Exercise input —
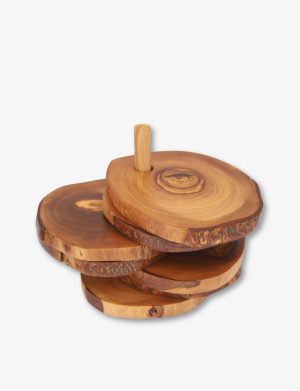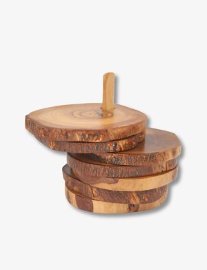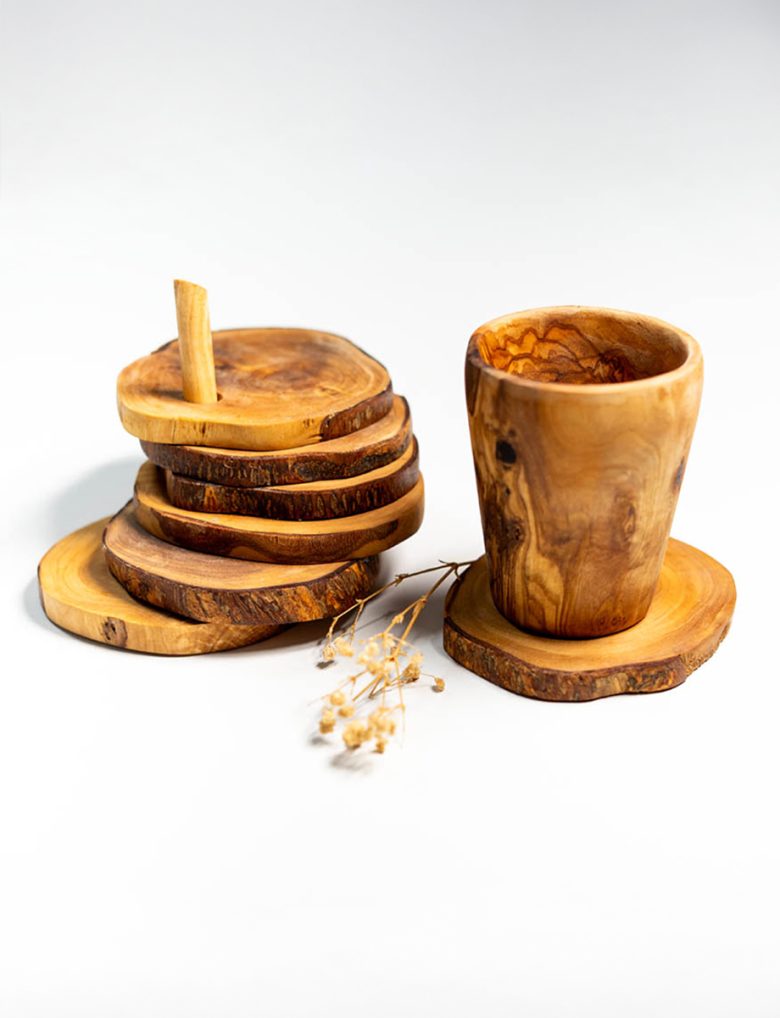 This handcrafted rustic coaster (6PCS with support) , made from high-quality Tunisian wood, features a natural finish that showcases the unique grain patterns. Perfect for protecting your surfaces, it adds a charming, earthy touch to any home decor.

---

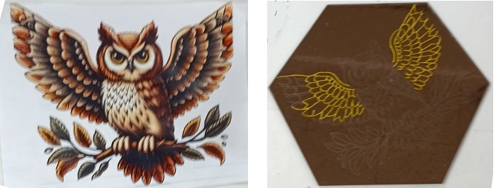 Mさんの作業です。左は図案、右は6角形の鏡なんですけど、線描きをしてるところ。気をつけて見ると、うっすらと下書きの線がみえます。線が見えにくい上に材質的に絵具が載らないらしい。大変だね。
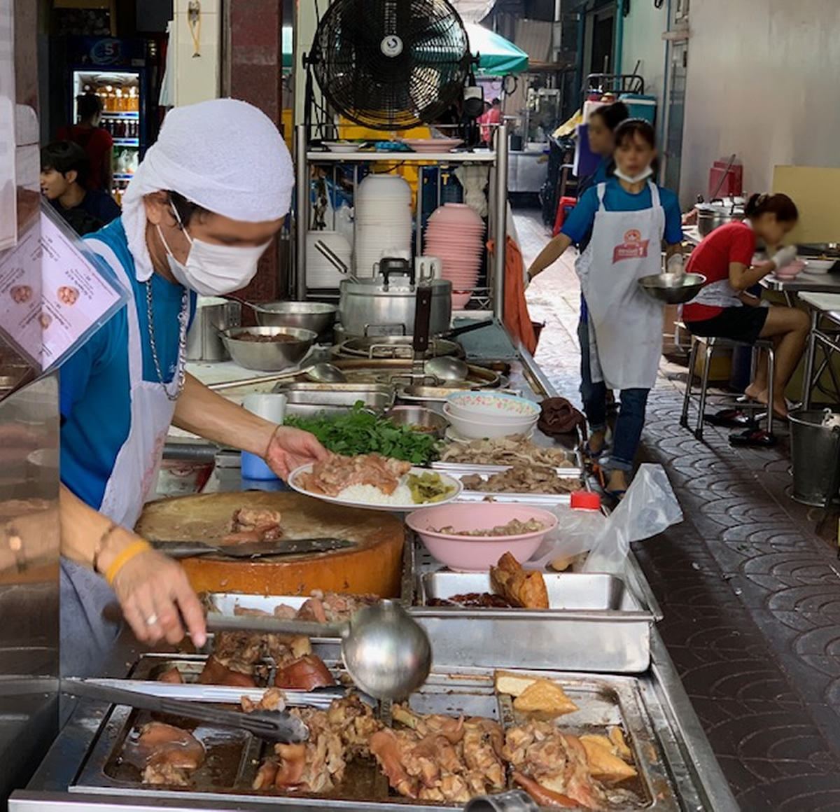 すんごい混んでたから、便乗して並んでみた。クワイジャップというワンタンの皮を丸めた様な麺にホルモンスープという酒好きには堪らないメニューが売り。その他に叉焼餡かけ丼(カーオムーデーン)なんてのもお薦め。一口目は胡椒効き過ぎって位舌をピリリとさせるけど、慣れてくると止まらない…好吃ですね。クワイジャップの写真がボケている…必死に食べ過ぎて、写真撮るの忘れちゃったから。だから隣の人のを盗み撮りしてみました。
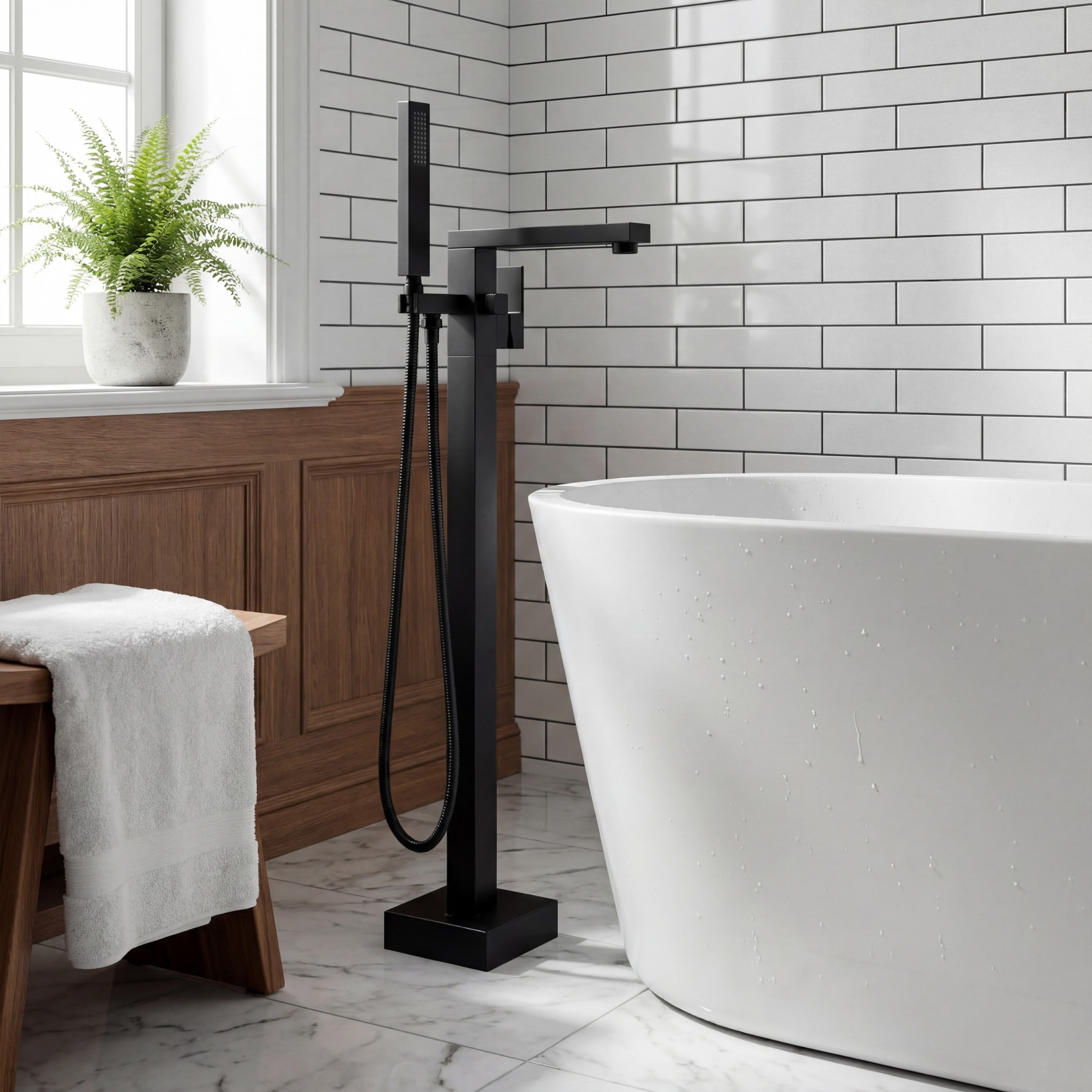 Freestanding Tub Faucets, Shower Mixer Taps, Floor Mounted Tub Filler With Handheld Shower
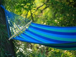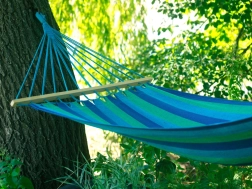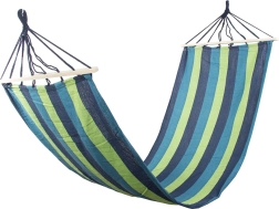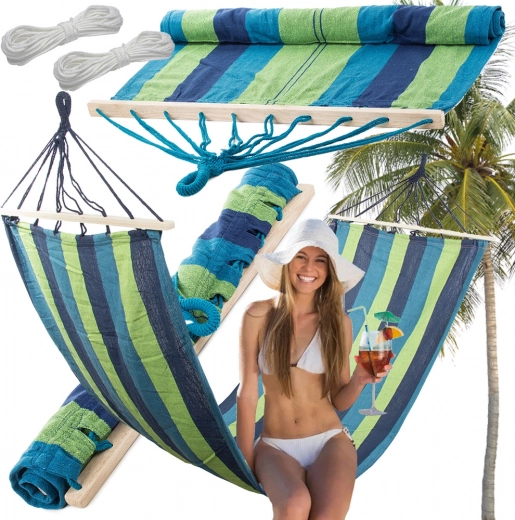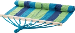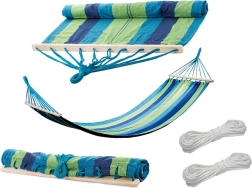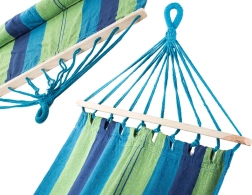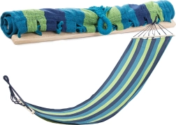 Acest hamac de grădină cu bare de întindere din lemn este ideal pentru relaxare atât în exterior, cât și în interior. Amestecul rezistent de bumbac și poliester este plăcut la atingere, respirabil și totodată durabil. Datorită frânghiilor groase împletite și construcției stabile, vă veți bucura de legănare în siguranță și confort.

What to do — Transcribe only this stretch of the data: the line with "Mさんの作業です。左は図案、", the line with "Freestanding Tub Faucets, Shower", and every line in between. Leave out the pictures.

Answer to this exercise —
 Mさんの作業です。左は図案、右は6角形の鏡なんですけど、線描きをしてるところ。気をつけて見ると、うっすらと下書きの線がみえます。線が見えにくい上に材質的に絵具が載らないらしい。大変だね。
 すんごい混んでたから、便乗して並んでみた。クワイジャップというワンタンの皮を丸めた様な麺にホルモンスープという酒好きには堪らないメニューが売り。その他に叉焼餡かけ丼(カーオムーデーン)なんてのもお薦め。一口目は胡椒効き過ぎって位舌をピリリとさせるけど、慣れてくると止まらない…好吃ですね。クワイジャップの写真がボケている…必死に食べ過ぎて、写真撮るの忘れちゃったから。だから隣の人のを盗み撮りしてみました。
 Freestanding Tub Faucets, Shower Mixer Taps, Floor Mounted Tub Filler With Handheld Shower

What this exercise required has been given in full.